To show that $(AB)^{-1} = B^{-1}A^{-1}$, let's use the following properties of matrix multiplication and inverses:

1. Definition of a Matrix Inverse: For any invertible matrix $M$, $M^{-1}$ is the matrix such that: $M M^{-1} = M^{-1} M = I,$ where $I$ is the identity matrix.

2. Associativity of Matrix Multiplication: Matrix multiplication is associative, meaning that for matrices $A$, $B$, and $C$: $A(BC) = (AB)C.$

Now, given that $A^{-1}$, $B^{-1}$, and $AB$ exist, we want to show that $(AB)^{-1} = B^{-1}A^{-1}$.

Proof:

We want to prove that $(AB)(B^{-1}A^{-1}) = I$, where $I$ is the identity matrix.

1. Start with the product $(AB)(B^{-1}A^{-1})$: $(AB)(B^{-1}A^{-1}).$

2. By associativity of matrix multiplication, group the terms as follows: $= A(BB^{-1})A^{-1}.$

3. Since $BB^{-1} = I$, the identity matrix, we have: $= AIA^{-1}.$

4. The identity matrix $I$ acts as a neutral element in matrix multiplication, so $AI = A$. Thus, we get: $= AA^{-1}.$

5. Since $AA^{-1} = I$, we have: $= I.$

Therefore, $(AB)(B^{-1}A^{-1}) = I$, which shows that $B^{-1}A^{-1}$ is a right inverse of $AB$.
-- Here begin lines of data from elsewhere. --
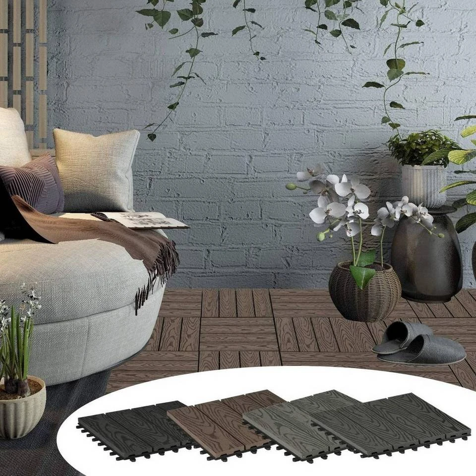 EUGAD WPC-Fliesen, WPC Fliesen Klickfliesen in Holzoptik 22 Stücke für 2m² Hellgrau Anthrazit, Braun, Coffee
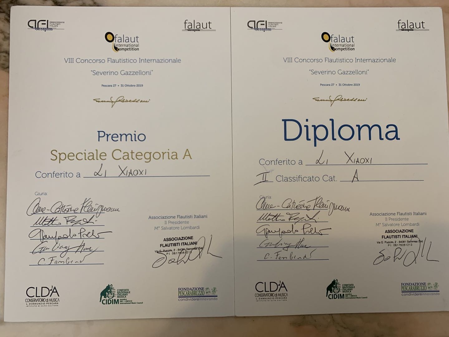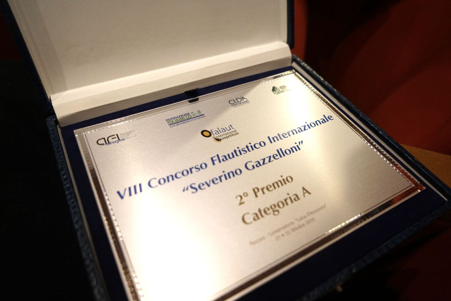 Severino Gazzellni 国际长笛大赛始创于2012年,享誉全球,被称为长笛赛事中的“劳斯莱斯”,被视为当今长笛比赛中最为重要的A级赛事之一,为纪念意大利现代长笛大师而设立。本届比赛在意大利城市佩斯卡拉进行,有来自波兰、意大利、法国、德国、俄罗斯、葡萄牙、西班牙、中国、日本、韩国等国的近二百名选手参加。
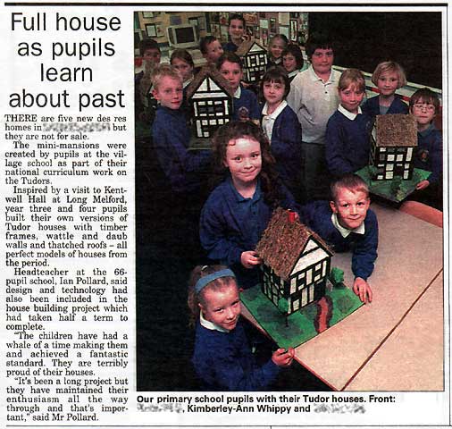 Full house as pupils learn about past There are five new des-res homes in our village but they are not for sale. The mini-mansions were created by pupils at the village school as part of their national curriculum work on the Tudors. Inspired by a visit to Kentwell Hall at Long Melford, year three and four pupils build their own versions of Tudor houses with timber frames, wattle and daub walls and thatched roofs - all perfect models of houses from the period. Headteacher at the 66-pupil school, Ian Pollard, said design and technology had also been included in the house building project which had taken half a term to complete. "The children have had a whale of a time making them and achieved a fantastic standard. They are terribly proud of their houses. "It's been a long project but they have maintained their enthusiasm all the way through and that's important" said Mr Pollard. |

To check if $B^{-1}A^{-1}$ is also a left inverse, we compute:

$(B^{-1}A^{-1})(AB).$

Again, using the associativity of matrix multiplication:

$= B^{-1}(A^{-1}A)B = B^{-1}IB = B^{-1}B = I.$

Thus, $B^{-1}A^{-1}$ is both a left and right inverse of $AB$, meaning:

$(AB)^{-1} = B^{-1}A^{-1}.$

This completes the proof.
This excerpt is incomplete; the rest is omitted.